### Task description
An exact copy of the listing below is needed, with no pictures in it.

─── Data provided

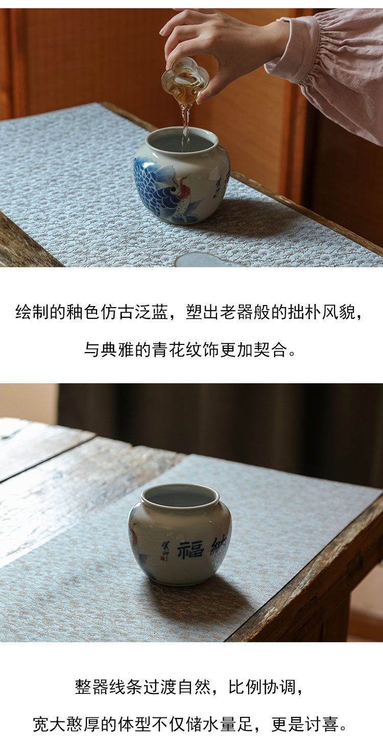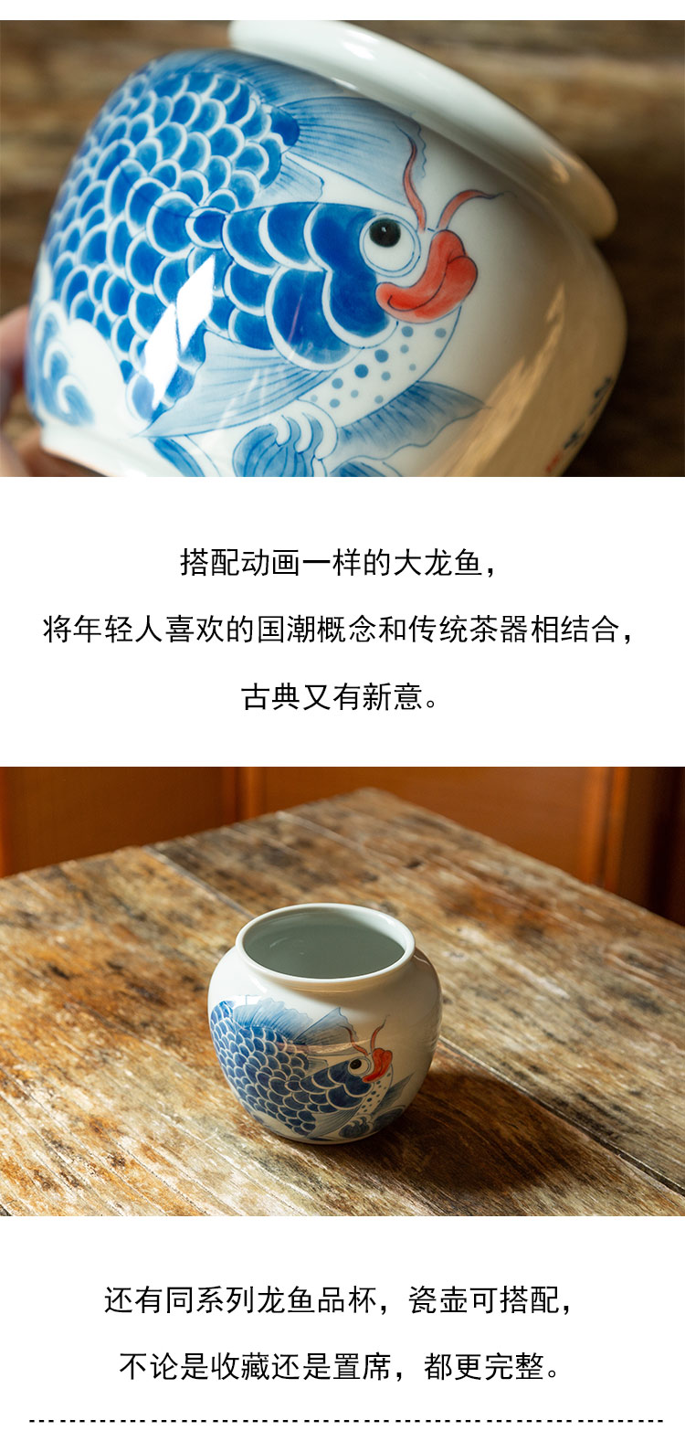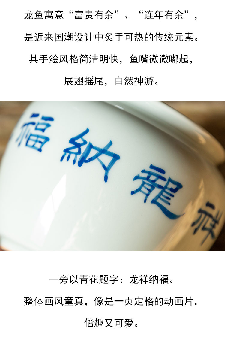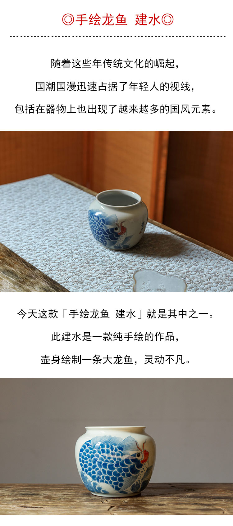 茶香记 手绘龙鱼建水龙祥纳福520ml寓意美好经典器型陶瓷水盂茶洗
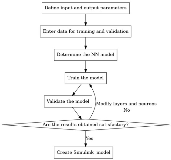 Figure 5 represents the fundamental steps in constructing and utilizing a NN model. Initially, the input and output parameters are defined based on the problem requirements. Following this, data are entered for training and validation purposes to ensure the model can learn and generalize effectively. Next, an appropriate NN model structure is determined, including factors like the number of layers and neurons. The model is then trained using the provided data, and its performance is validated against the validation dataset. If the obtained results are satisfactory, the process progresses to the creation of a Simulink of the model. However, if the results are not satisfactory, the process returns to the model training step, allowing for modifications to the number of layers and neurons to optimize the model’s accuracy and performance.
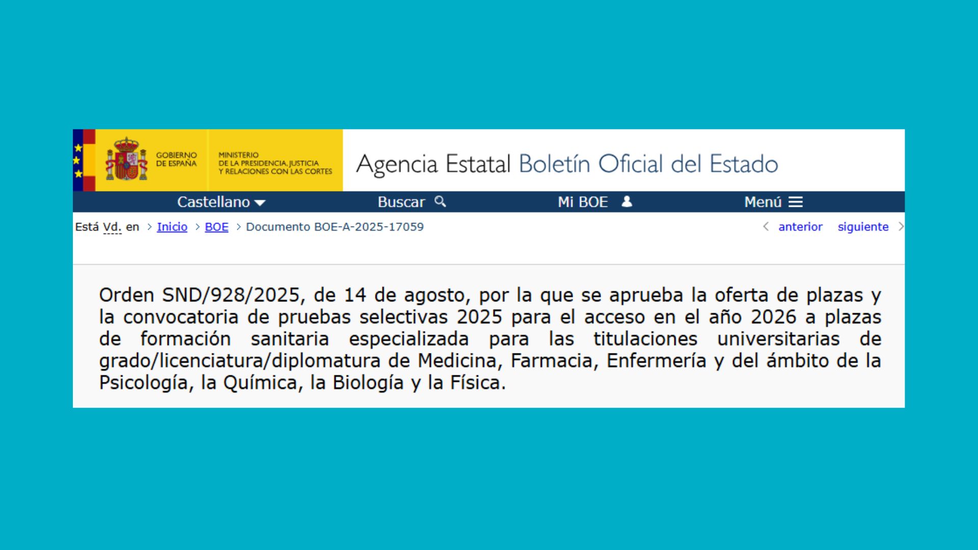 Orden SND/928/2025, de 14 de agosto, por la que se aprueba la oferta de plazas y la convocatoria de pruebas selectivas 2025 para el acceso en el año 2026 a plazas de formación sanitaria especializada para las titulaciones universitarias de grado/licenciatura/diplomatura de Medicina, Farmacia, Enfermería y del ámbito de la Psicología, la Química, la Biología y la Física, al que podéis acceder a través del siguiente enlace:

──────

### Problem solution
 茶香记 手绘龙鱼建水龙祥纳福520ml寓意美好经典器型陶瓷水盂茶洗
 Figure 5 represents the fundamental steps in constructing and utilizing a NN model. Initially, the input and output parameters are defined based on the problem requirements. Following this, data are entered for training and validation purposes to ensure the model can learn and generalize effectively. Next, an appropriate NN model structure is determined, including factors like the number of layers and neurons. The model is then trained using the provided data, and its performance is validated against the validation dataset. If the obtained results are satisfactory, the process progresses to the creation of a Simulink of the model. However, if the results are not satisfactory, the process returns to the model training step, allowing for modifications to the number of layers and neurons to optimize the model’s accuracy and performance.
 Orden SND/928/2025, de 14 de agosto, por la que se aprueba la oferta de plazas y la convocatoria de pruebas selectivas 2025 para el acceso en el año 2026 a plazas de formación sanitaria especializada para las titulaciones universitarias de grado/licenciatura/diplomatura de Medicina, Farmacia, Enfermería y del ámbito de la Psicología, la Química, la Biología y la Física, al que podéis acceder a través del siguiente enlace:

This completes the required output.